:: Given records ::

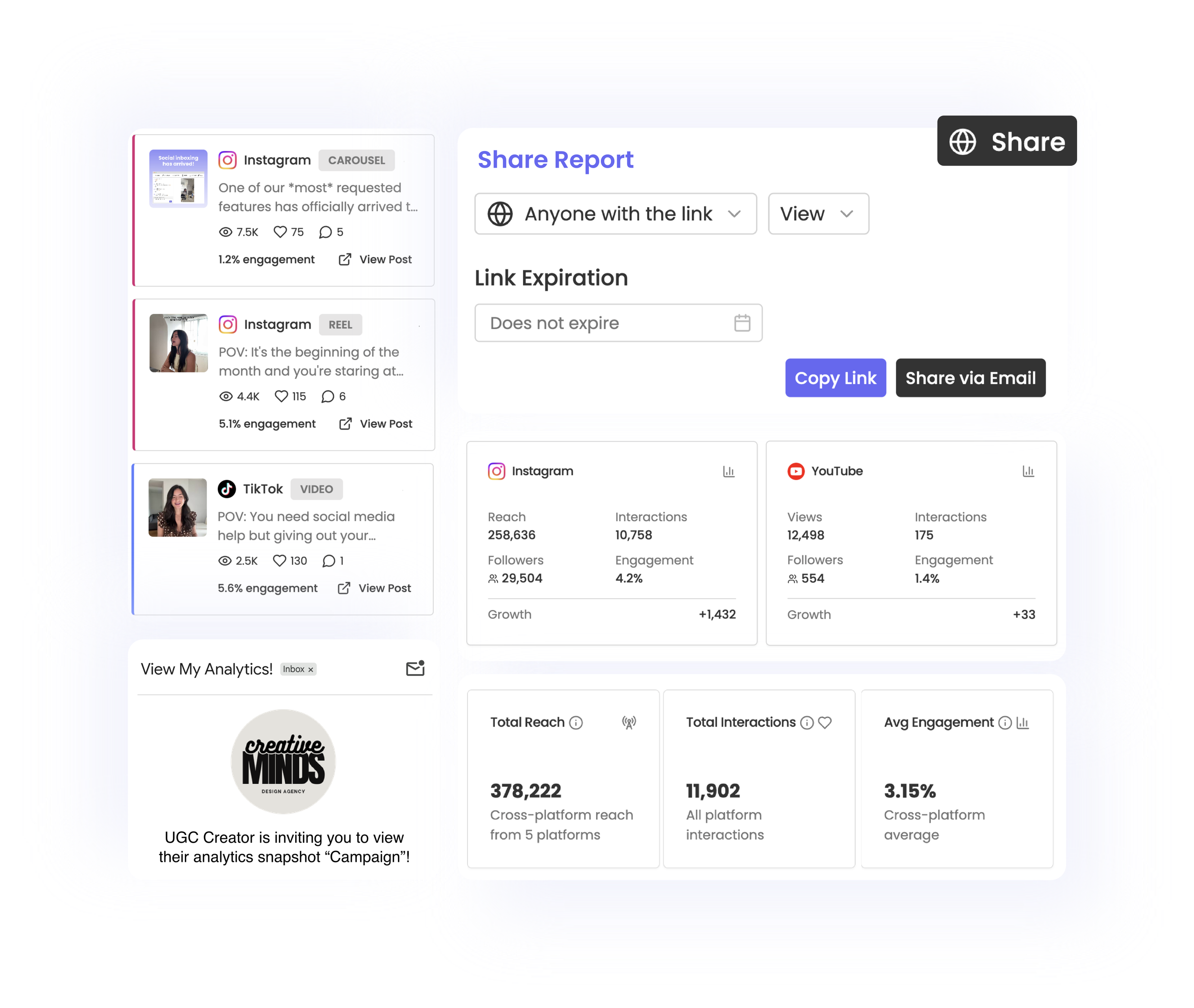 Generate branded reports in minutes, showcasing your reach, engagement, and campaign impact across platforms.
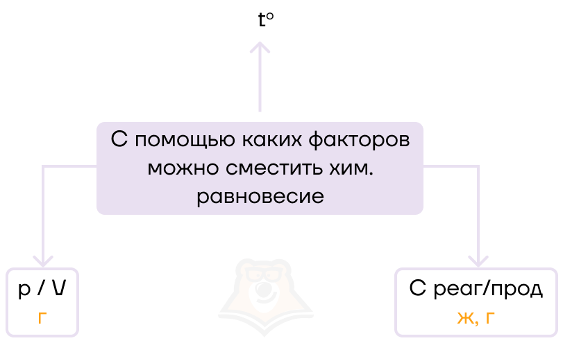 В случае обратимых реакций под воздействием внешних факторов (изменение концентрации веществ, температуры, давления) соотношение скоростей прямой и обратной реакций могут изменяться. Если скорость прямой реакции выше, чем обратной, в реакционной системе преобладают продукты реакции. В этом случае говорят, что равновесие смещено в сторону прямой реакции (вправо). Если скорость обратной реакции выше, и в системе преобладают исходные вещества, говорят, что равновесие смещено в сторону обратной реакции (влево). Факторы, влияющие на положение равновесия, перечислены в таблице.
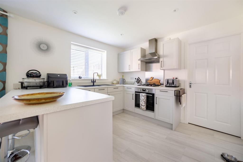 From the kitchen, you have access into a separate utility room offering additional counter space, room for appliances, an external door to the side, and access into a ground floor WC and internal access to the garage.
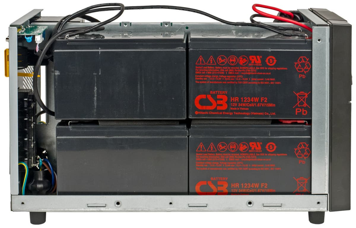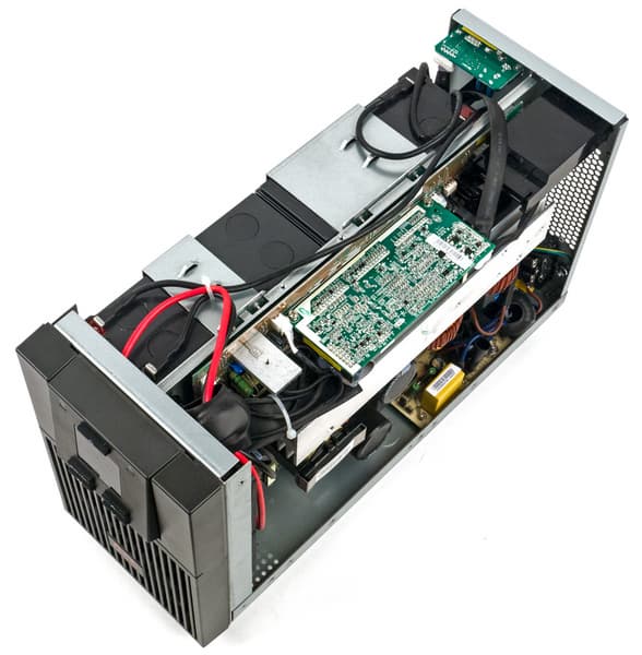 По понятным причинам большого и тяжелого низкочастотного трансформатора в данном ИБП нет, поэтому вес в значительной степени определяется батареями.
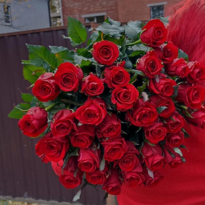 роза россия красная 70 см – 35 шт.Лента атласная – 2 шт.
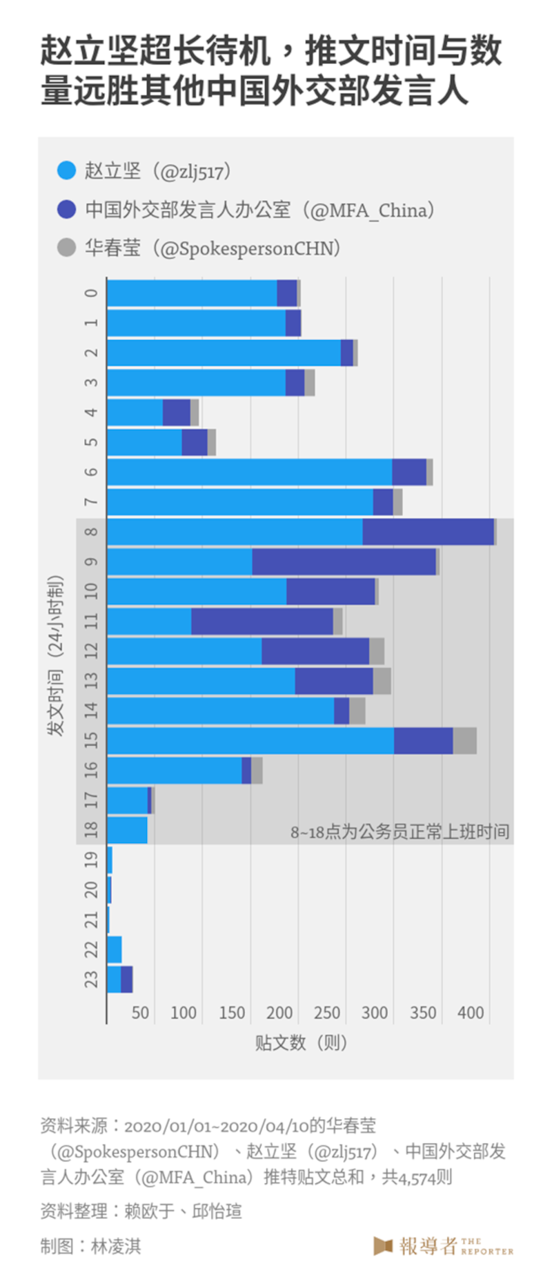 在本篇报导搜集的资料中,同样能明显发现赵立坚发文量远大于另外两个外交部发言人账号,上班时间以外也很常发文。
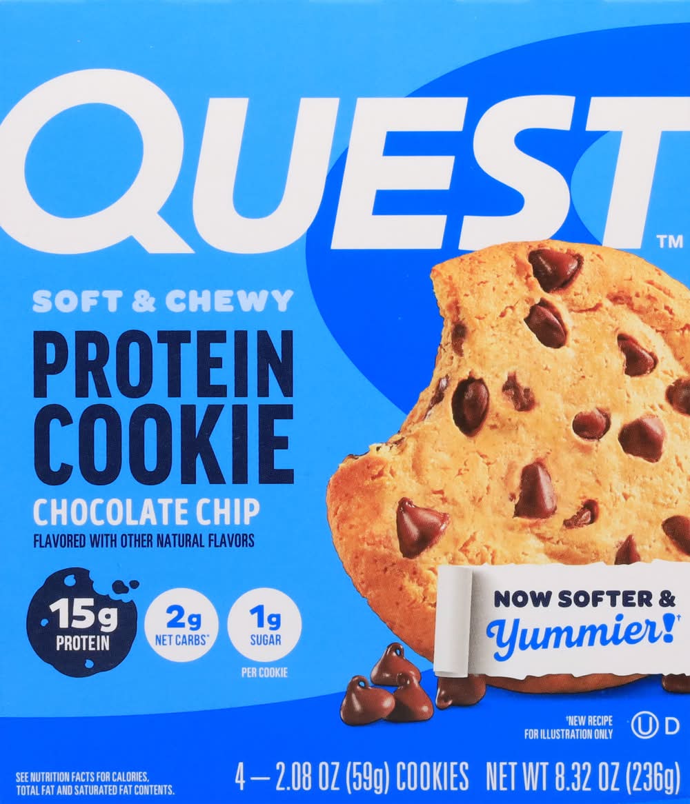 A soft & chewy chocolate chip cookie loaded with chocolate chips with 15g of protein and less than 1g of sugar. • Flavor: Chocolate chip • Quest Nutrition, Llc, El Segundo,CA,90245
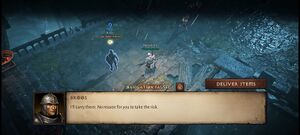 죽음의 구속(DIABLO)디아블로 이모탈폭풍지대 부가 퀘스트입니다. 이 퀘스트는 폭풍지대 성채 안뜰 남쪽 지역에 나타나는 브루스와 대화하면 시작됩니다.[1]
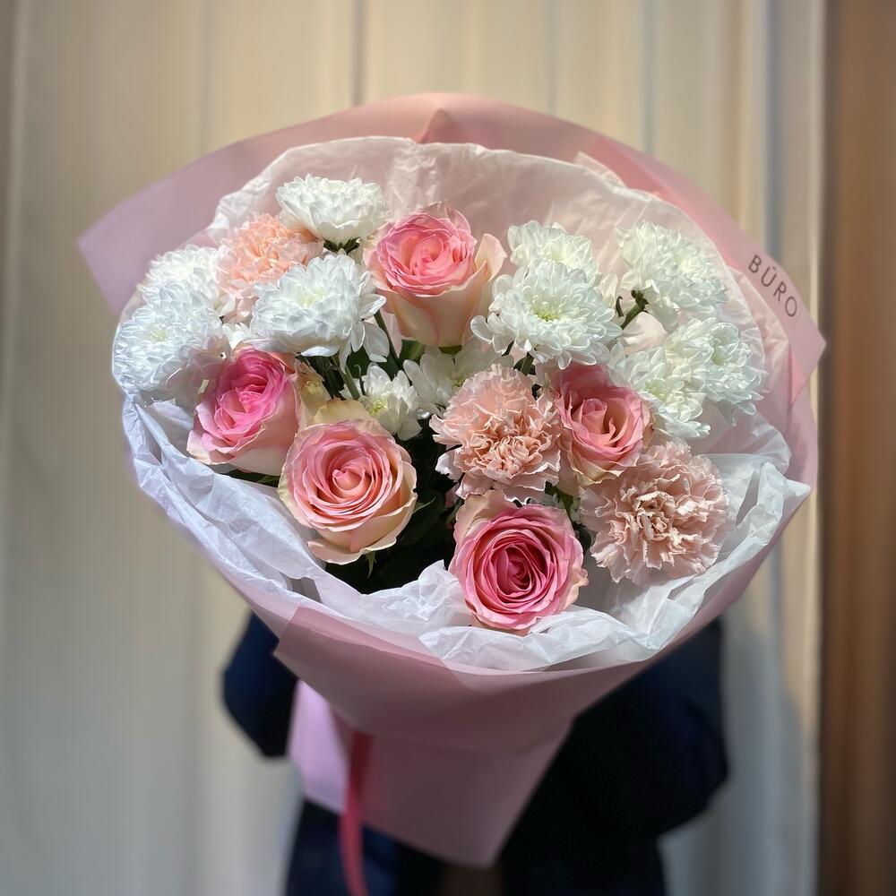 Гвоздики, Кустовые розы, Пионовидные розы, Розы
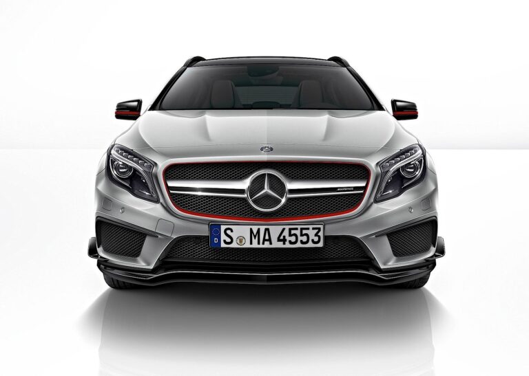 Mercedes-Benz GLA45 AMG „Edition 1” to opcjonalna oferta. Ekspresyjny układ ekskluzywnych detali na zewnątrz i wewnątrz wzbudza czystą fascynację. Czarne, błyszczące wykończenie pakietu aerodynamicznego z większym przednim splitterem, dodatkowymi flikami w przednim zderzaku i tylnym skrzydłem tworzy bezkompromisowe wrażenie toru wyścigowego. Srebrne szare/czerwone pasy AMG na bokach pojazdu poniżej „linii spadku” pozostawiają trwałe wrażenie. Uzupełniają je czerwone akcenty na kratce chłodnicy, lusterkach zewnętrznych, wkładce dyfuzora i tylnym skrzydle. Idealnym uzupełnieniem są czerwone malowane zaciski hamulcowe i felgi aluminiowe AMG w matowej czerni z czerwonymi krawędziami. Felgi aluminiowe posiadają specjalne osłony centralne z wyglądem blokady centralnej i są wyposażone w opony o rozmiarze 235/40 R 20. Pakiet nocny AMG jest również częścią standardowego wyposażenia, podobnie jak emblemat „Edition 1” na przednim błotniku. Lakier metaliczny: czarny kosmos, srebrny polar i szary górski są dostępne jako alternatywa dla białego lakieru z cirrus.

:::

Task details » Reproduce the records above exactly, excluding every picture.

Solution for this exercise »
 Generate branded reports in minutes, showcasing your reach, engagement, and campaign impact across platforms.
 В случае обратимых реакций под воздействием внешних факторов (изменение концентрации веществ, температуры, давления) соотношение скоростей прямой и обратной реакций могут изменяться. Если скорость прямой реакции выше, чем обратной, в реакционной системе преобладают продукты реакции. В этом случае говорят, что равновесие смещено в сторону прямой реакции (вправо). Если скорость обратной реакции выше, и в системе преобладают исходные вещества, говорят, что равновесие смещено в сторону обратной реакции (влево). Факторы, влияющие на положение равновесия, перечислены в таблице.
 From the kitchen, you have access into a separate utility room offering additional counter space, room for appliances, an external door to the side, and access into a ground floor WC and internal access to the garage.
 По понятным причинам большого и тяжелого низкочастотного трансформатора в данном ИБП нет, поэтому вес в значительной степени определяется батареями.
 роза россия красная 70 см – 35 шт.Лента атласная – 2 шт.
 在本篇报导搜集的资料中,同样能明显发现赵立坚发文量远大于另外两个外交部发言人账号,上班时间以外也很常发文。
 A soft & chewy chocolate chip cookie loaded with chocolate chips with 15g of protein and less than 1g of sugar. • Flavor: Chocolate chip • Quest Nutrition, Llc, El Segundo,CA,90245
 죽음의 구속(DIABLO)디아블로 이모탈폭풍지대 부가 퀘스트입니다. 이 퀘스트는 폭풍지대 성채 안뜰 남쪽 지역에 나타나는 브루스와 대화하면 시작됩니다.[1]
 Гвоздики, Кустовые розы, Пионовидные розы, Розы
 Mercedes-Benz GLA45 AMG „Edition 1” to opcjonalna oferta. Ekspresyjny układ ekskluzywnych detali na zewnątrz i wewnątrz wzbudza czystą fascynację. Czarne, błyszczące wykończenie pakietu aerodynamicznego z większym przednim splitterem, dodatkowymi flikami w przednim zderzaku i tylnym skrzydłem tworzy bezkompromisowe wrażenie toru wyścigowego. Srebrne szare/czerwone pasy AMG na bokach pojazdu poniżej „linii spadku” pozostawiają trwałe wrażenie. Uzupełniają je czerwone akcenty na kratce chłodnicy, lusterkach zewnętrznych, wkładce dyfuzora i tylnym skrzydle. Idealnym uzupełnieniem są czerwone malowane zaciski hamulcowe i felgi aluminiowe AMG w matowej czerni z czerwonymi krawędziami. Felgi aluminiowe posiadają specjalne osłony centralne z wyglądem blokady centralnej i są wyposażone w opony o rozmiarze 235/40 R 20. Pakiet nocny AMG jest również częścią standardowego wyposażenia, podobnie jak emblemat „Edition 1” na przednim błotniku. Lakier metaliczny: czarny kosmos, srebrny polar i szary górski są dostępne jako alternatywa dla białego lakieru z cirrus.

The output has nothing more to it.